Dalam dunia anime, istilah canon dan filler sering muncul ketika penonton ingin memahami mana cerita utama yang benar-benar mengikuti sumber asli dan mana episode tambahan yang dibuat untuk tujuan tertentu. Pembahasan ini menjelaskan pengertian, perbedaan, fungsi, kelebihan, kekurangan, hingga cara mengenalinya secara lengkap.
Canon adalah cerita yang dianggap resmi dan menjadi bagian utama dari alur kisah asli. Dalam anime, canon biasanya mengikuti manga, light novel, web novel, atau sumber asli lain yang menjadi dasar adaptasi. Cerita canon memuat perkembangan karakter, konflik utama, dan peristiwa penting yang memengaruhi alur.
Filler adalah episode atau bagian cerita yang tidak ada di sumber asli, lalu ditambahkan ke anime.

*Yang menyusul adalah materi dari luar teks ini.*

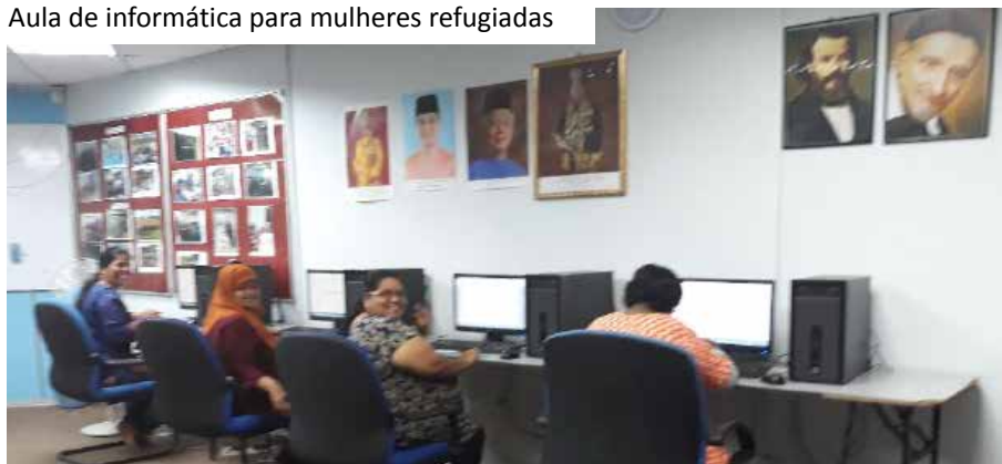
Aula de informática para mulheres refugiadas

é assegurar que os alunos adquiram habilidades através de uma educação básica e que por sua vez construam sua autoestima ao longo do caminho.
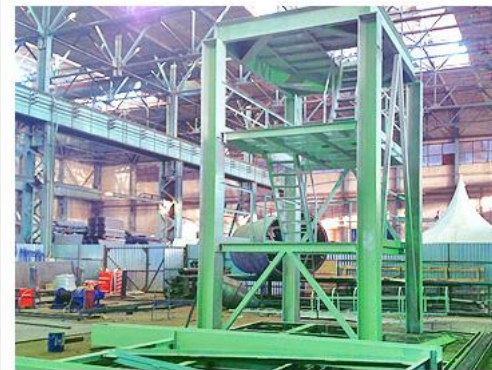
МЕТАЛЛОКОНСТРУКЦИИ ПОД ЗАКАЗ
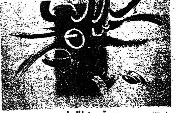
صورة من الماوارء
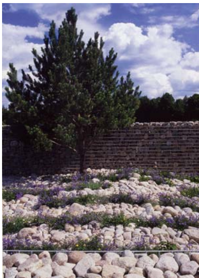
Den strama Heden.
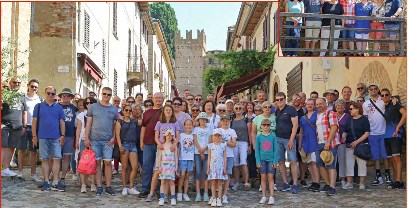
Besuch von Gradara
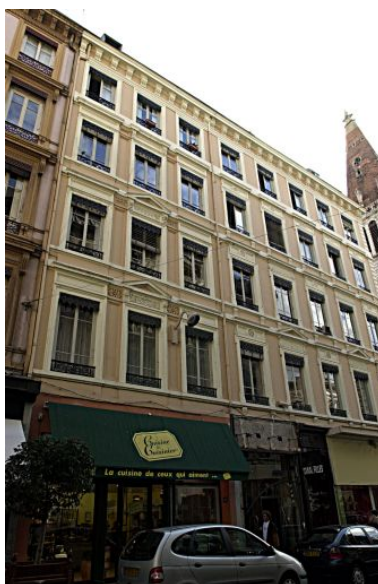
Façade principale sur la rue Paul-Chenavard IVR82_20046900131NUCA
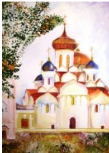
рис. Анастасия Покрашенко

Главным храмом и самой древней постройкой обители является Успенский собор. Он был возведён в 30-е годы шестнадцатого века князем Андреем Ивановичем Старицким. А знаете ли вы, что по виду он похож на Успенский собор Московского Кремля? Он тоже имеет пять глав. Центральная глава символизировала Главу Церкви - Христа, а боковые - четырёх евангелистов. Под храмом устроен трёхметровый подвал. Он хранит тайну.
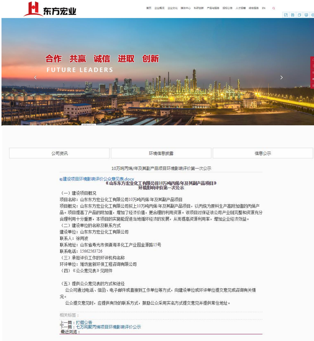
图 2.2-1 网上第一次公示截图

( http://www.dfhychem.com/news/404.html ) 对建设项目进行了第一次公示，并附上公众意见表作为附件。公示截屏见图 2.2-1。

Filler bisa berupa episode lepas, cerita sampingan, atau adegan tambahan yang dibuat agar anime tidak terlalu cepat mengejar manga, sekaligus memberi jeda bagi tim produksi.

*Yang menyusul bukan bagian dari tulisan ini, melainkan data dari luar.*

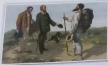
Obr. 8 - Gustave Courbet (žistáv kurbé) - Setkání aneb „Bonjour, Monsieur Courbet“ (bonžúr mesjé)

Malíř na tomto obraze zachytil sám sebe, jak putuje po venkově, při setkání se svým přítelem. Na obraze nenajdeme žádné průmyslné pózy, působivé barvy či kontrasty, autor naopak usiluje o opravdovost bez příkras.
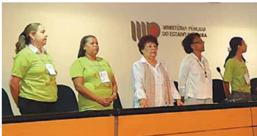
As famílias dos alunos puderam esclarecer dúvidas e receber orientações
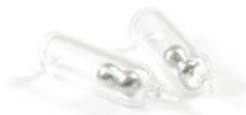
Snack Baits L rigaus
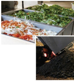
①食品残渣・工業汚泥の受入
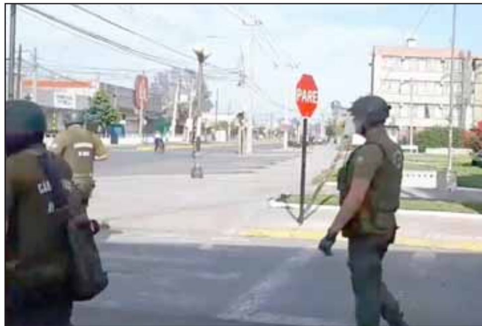
Fuerzas Especiales lanzaron gases disuasivos al interior del municipio de Llay Llay, cuando funcionarios realizaban actividades pacíficas en el marco de la movilización nacional.

Debido a esta situación, se realizaron los reclamos respectivos: «Ya comunicamos informalmente esta situación a la gobernación, vamos a hacer la denuncia formal y también la denun-
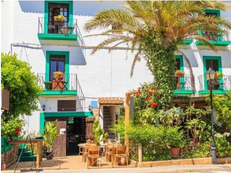
Imagen 3. Edificio Hotel Boutique Ángeles de Paz

Los canales de comercialización serán propias y de terceros. Principalmente las reservas se realizarán a través de nuestra propia página web ( https://hotelboutiqueanegelesdepaz.com ) e incluirán "réservation en ligne" a través de plataformas y la promoción en redes sociales y sitios web especializados en viajes y turismo, como Booking, TripAdvisor, Hotels, Instagram, Airbnb, Expedia e Instagram usados para compartir fotos y recomendaciones de viajes por los huéspedes y turistas. Los clientes también podrán realizar sus reservas, resolver sus inquietudes, proponer sugerencias y trasladar quejas a través del teléfono y correo electrónico habilitados para ello: +34971510213 / hotelboutiqueanegelesdepaz@gmail.com . La respuesta se dará en un plazo máximo de 30 minutos y el servicio de atención al cliente será de 24 horas, en español, inglés, francés, alemán o italiano.
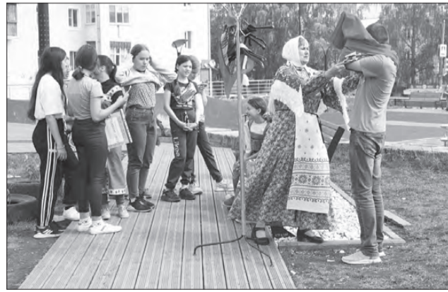
лагеря — самые доступные и популярные. По всему региону их сегодня 1060. Везде должны быть лучшие условия для детей.

лето под спальни для младших школьников, здесь называют «бунгалло». Дети в школе рисуют, танцуют, гуляют, ходят на экскурсии — словом, всё, что положено делать школьникам, чтобы провести каникулы с пользой.
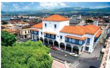
サンティアゴ・デ・クーバの町並み

1515年に築かれ短期間ではありましたがキューバの首都が置かれていた街です。現在は色々な民族・リズム・伝統・習慣がここで融合し、広く豊かな新しい文化を生み出し、カリブ海の「文化の首都」とも言えるでしょう。ソン・ボレロなどのキューバリズムのゆりかごと呼ばれたこの街の人々は、暖かく親切です。パコナオ自然保護地区の美しい海岸と澄み切った海水、切り立った緑濃い山々のコントラストの美しい街でもあります。
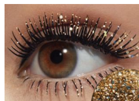
01 ブリリアント ティア

シアーなブラックに、2色のキラめくらメをブレンド。 品のあるリクスな色設計で、瞬きするたび 魅せる目もとに。
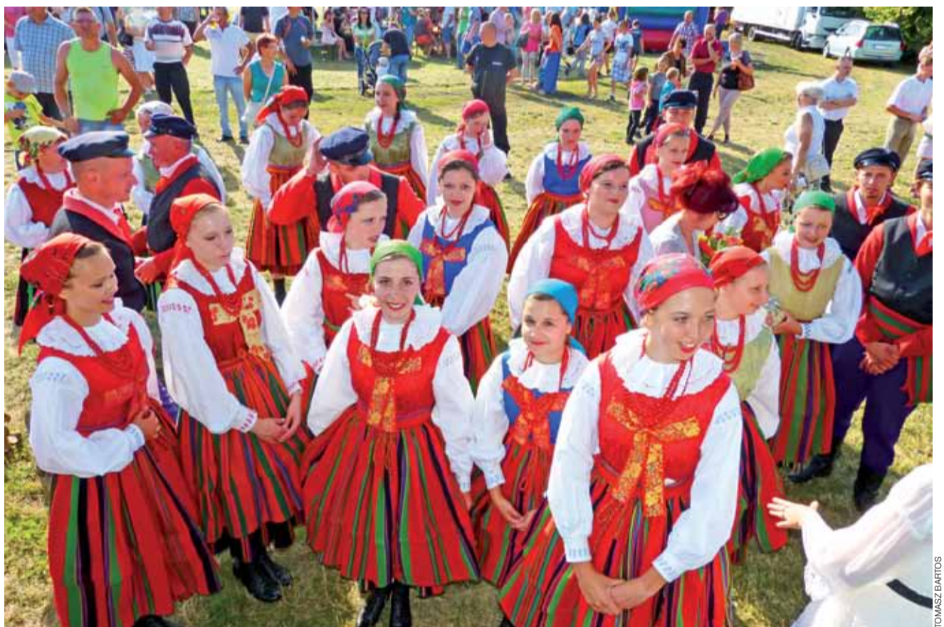
Damska część zespołu Sanniki tuż po zakończonym występie.
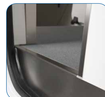
Bündige Abschlusskanten aus Edelstahl
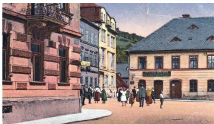
Město s obyvateli (č. 5) ↑

| Aspek | Canon | Filler |
|---|---|---|
| Sumber cerita | Diambil dari manga, novel, atau karya asli | Dibuat khusus untuk anime, tidak ada di sumber asli |
| Fungsi utama | Menyampaikan alur cerita utama | Mengisi waktu, memperpanjang tayangan, atau memberi jeda produksi |
| Pengaruh pada plot | Berpengaruh besar terhadap perkembangan cerita | Biasanya tidak memengaruhi alur utama |
| Karakter dan kejadian | Menampilkan peristiwa penting dan perkembangan karakter resmi | Sering menampilkan cerita sampingan atau petualangan ringan |
| Keterkaitan dengan sumber asli | Sesuai dengan karya asli | Tidak selalu ada dalam karya asli |
| Relevansi untuk penonton | Penting untuk memahami keseluruhan cerita | Bisa dilewati jika ingin mengikuti alur utama saja |
Canon merupakan bagian paling penting dalam sebuah anime karena menjadi fondasi cerita. Ketika sebuah anime diadaptasi dari manga, maka adegan, dialog, dan peristiwa yang mengikuti manga disebut canon. Hal ini membuat penonton mendapatkan pengalaman yang paling dekat dengan visi pencipta cerita.

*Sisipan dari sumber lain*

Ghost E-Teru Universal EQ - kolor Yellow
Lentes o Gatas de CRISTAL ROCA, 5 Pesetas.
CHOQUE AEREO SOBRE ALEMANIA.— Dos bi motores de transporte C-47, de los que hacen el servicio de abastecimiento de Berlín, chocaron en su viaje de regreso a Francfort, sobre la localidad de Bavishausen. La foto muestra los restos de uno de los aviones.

Karena canon adalah bagian resmi, informasi dari episode canon biasanya lebih penting bagi penonton yang ingin memahami cerita secara utuh. Jika ada sekuel, film, atau spin-off yang mengacu pada alur utama, canon tetap menjadi dasar utamanya.
Filler sering muncul ketika anime tayang berdekatan dengan manga yang masih berjalan. Agar anime tidak terlalu cepat menyusul cerita manga, studio menambahkan episode tambahan. Filler juga bisa dibuat untuk memberi variasi cerita, menghadirkan suasana santai, atau menampilkan interaksi karakter yang tidak terlalu serius.
Meski sering dianggap tidak penting, filler tetap memiliki nilai hiburan. Beberapa filler bahkan disukai karena menampilkan sisi lucu, hangat, atau unik dari karakter yang jarang terlihat dalam cerita utama.
Untuk mengenali apakah suatu episode termasuk canon atau filler, penonton dapat membandingkannya dengan sumber asli. Jika adegan tersebut muncul di manga atau novel, besar kemungkinan itu canon. Jika alur cerita terasa berdiri sendiri dan tidak berpengaruh pada kejadian besar berikutnya, kemungkinan itu filler.
Canon dan filler memiliki peran yang berbeda dalam anime. Canon adalah bagian resmi yang membentuk cerita utama, sedangkan filler adalah tambahan yang dibuat untuk kebutuhan tayangan atau variasi hiburan. Memahami perbedaan keduanya membantu penonton menikmati anime dengan cara yang sesuai, baik ingin mengikuti alur utama saja maupun menikmati seluruh episode yang tersedia.
Dengan mengenali canon dan filler, penonton dapat menentukan bagian mana yang penting untuk alur cerita dan bagian mana yang hanya berfungsi sebagai selingan.